Penggunaan kateter yang menetap sebaiknya tidak digunakan secara rutin dalam pengelolaan
inkontinensia urin karena dapat terjadi infeksi saluran kemih bahkan sampai sepsis, pembentukan
batu, abses dan bocor. Kateter menetap ini dapat digunakan bila terjadi retensi urin yang lama
sehingga menyebabkan infeksi saluran kemih atau gangguan ginjal.
Terapi farmakologis atau mendikamentosa telah dibuktikan mempunyai efek yang baik
terhadap inkontinensia tipe urge dan stress. Obat-obata yang diperlukan dapat digolongkan
menjadi : antikolinergik, antispasmodic, agonis adrenergic α, estrogen topical, antagonis
adrenegik α.

Pseudoefedrin dapat digunakan untuk tatalaksana inkontinensia urin tipe stress karena
meningkatkan tekanan sfingter uretra, sehingga menghambat pengeluaran urin. Penggunaannya
harus amat hati-hati pada pasien dengan hiertensi, aritmia jantung dan angina. Antikolinergik
dapat digunakan untuk tatalaksana inkontinensia urgensi. Oksibutinin memiliki efek
antikolinergik dan merelaksasikan otot halus. Tolterodin merupakan kompetitif blocker reseptor
M3. Uji klinik menunjukan bahwa oksibutinin dan tolterodin menyebabkan penurunan frekuensi
inkontinensia urgensi dibandingkan dengan placebo.

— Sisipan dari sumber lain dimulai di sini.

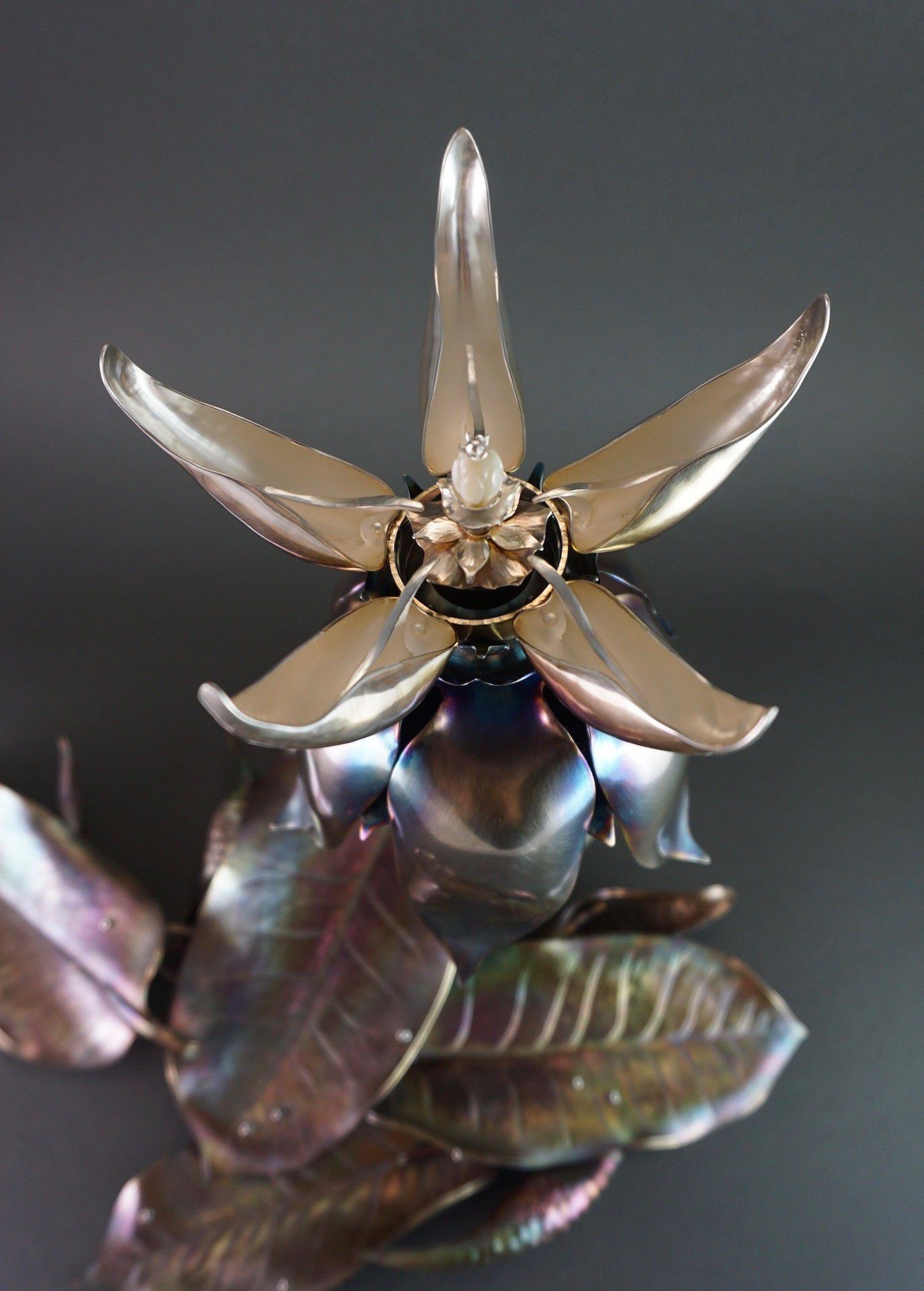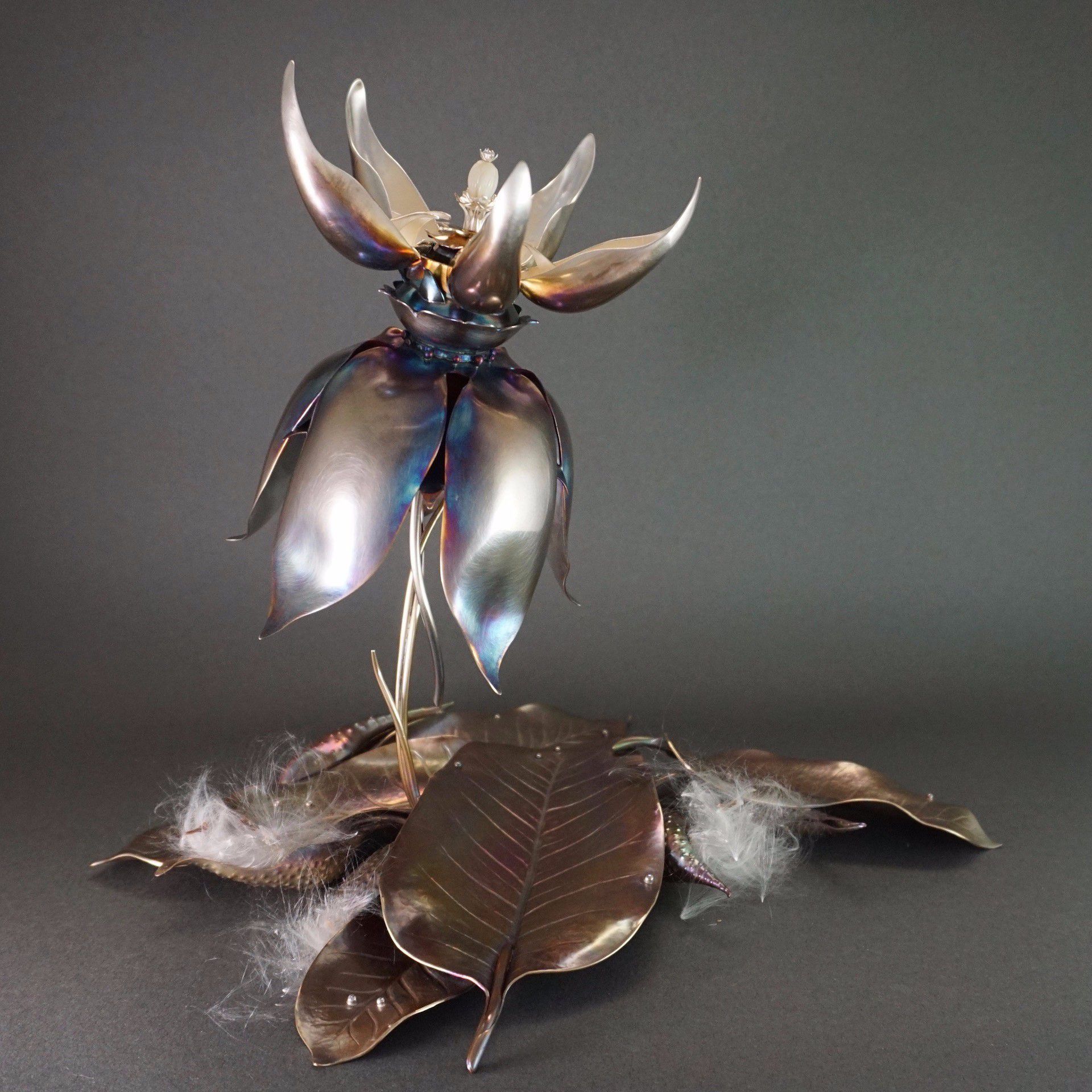Sterling silver, red brass, bronze, freshwater pearls, mother of pearl, glass lens, grain of sand, milkweed seeds
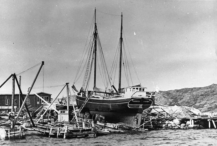 Medföljande text: "Holmuddens varv, Lyresund, Orust. Taget på 1950-talet. Bildlån från Ingrid Samuelsson, Ellös".
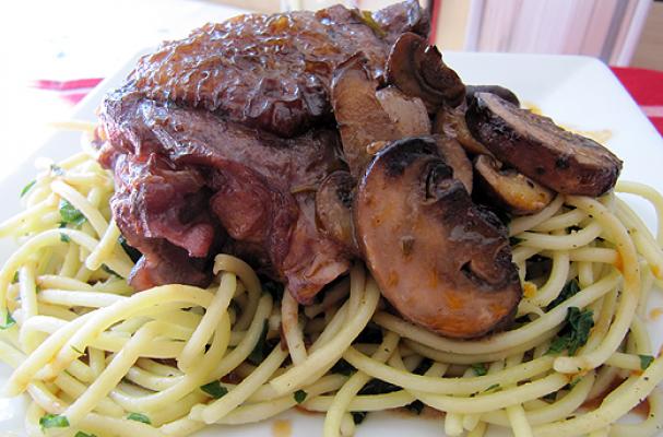 This is a recipe for those lazy weekend days where time is in abundance. Though there are a lot of steps, some of them can be done and then set aside. I like to get the mushrooms browned and onions braised, then take a break and finish the rest later in the afternoon. French cooking techniques allow you to get some truly decadent flavors and textures, and we love the way the herbed noodles underneath pick up all that thick, delicious sauce.

Tindakan operatif dilakukan atas pertimbangan yang matang dan didahului dengan
evaluasi urodinamik. Pada perempuan dengan prolapse pelvik yang signifikan dan inkontinensia
tipe stress yang tidak membaik dengan penanganan konservatif harus dilakukan upaya operatif.
Pada laki-laki dengan tanda obstruksi saluran kemih akibat hipertrofi prostat dapat dilakukan
operasi sebagai upaya pencegahan inkontinensia tipe overflow.